- Born: Arthur Pedersen May 11, 1926 Chicago, Illinois
- Died: April 1, 2006 (aged 79)
- Career
- Stations: WZIP, WNOP-AM, WGUC-FM, WVXU-FM
- Style: Disc Jockey

= Oscar Treadwell =

American journalist and radio host (1926-2006)

Oscar Treadwell (born Arthur Pedersen) (May 11, 1926 - April 1, 2006) was an American jazz radio journalist and presenter. Known as "OT", he became known mainly by a dedication to him by Charlie Parker, a composition called "An Oscar for Treadwell".
Treadwell's first jobs were as an industrial manager and consultant. However, he was better known due to his career as a DJ, jazz historian and radio host, which began in 1947 and lasted over 50 years.

== Jazz career ==
Treadwell began his career at radio stations in New Jersey and Pennsylvania before moving to Cincinnati, Ohio in 1960. There he began in 1962 with his jazz on radio station WZIP and then from 1965 to 1973 at WNOP (AM).
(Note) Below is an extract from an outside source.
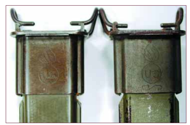
M3 scabbard markings: Beckwith Mfg, (Left) Detroit Gasket (Right).

The M3 was the most widely issued scabbard for the M1905 bayonet during WWII, but period photographs show the M1910 scabbards continued to see service throughout the war. Even the substitute standard scabbards like the M1917 were widely used in stateside training and early combat in the Pacific and North Africa.

Treadwell moved to WGUC and moderated the jazz program under his initials OT from 1973 to 1995, then moved "Jazz with OT" to Xavier University's WVXU. Until his retirement in 2001, he oversaw the jazz program and the station WMKV. In 2005 Treadwell returned to WVXU, where he worked until his death in April 2006. Repeats of his many programs continue to be broadcast Sunday evenings on WVXU.

== Tributes ==
Oscar Treadwell, who was called by his fans, "OT", was an important member of the jazz scene of Cincinnati. Through his radio programs, he was known by many, and friends with many jazz musicians, including Dave Brubeck, Charlie Parker, Dizzy Gillespie and Thelonious Monk. His friends honored him with the compositions:

- "An Oscar for Treadwell" (1949) by Charlie Parker
- "Treadin 'with Treadwell" (1950) by Wardell Gray.
- "Oska T" (1955) by Thelonious Monk

After his death, the Public Library of Cincinnati released a CD entitled "O.T. - A Celebration of Oscar Treadwell". The library had been given recordings of many of Treadwell's shows on cassettes and CDs. The entire collection is available on CD at the library; the CD index has been digitized and can be viewed on the library's website.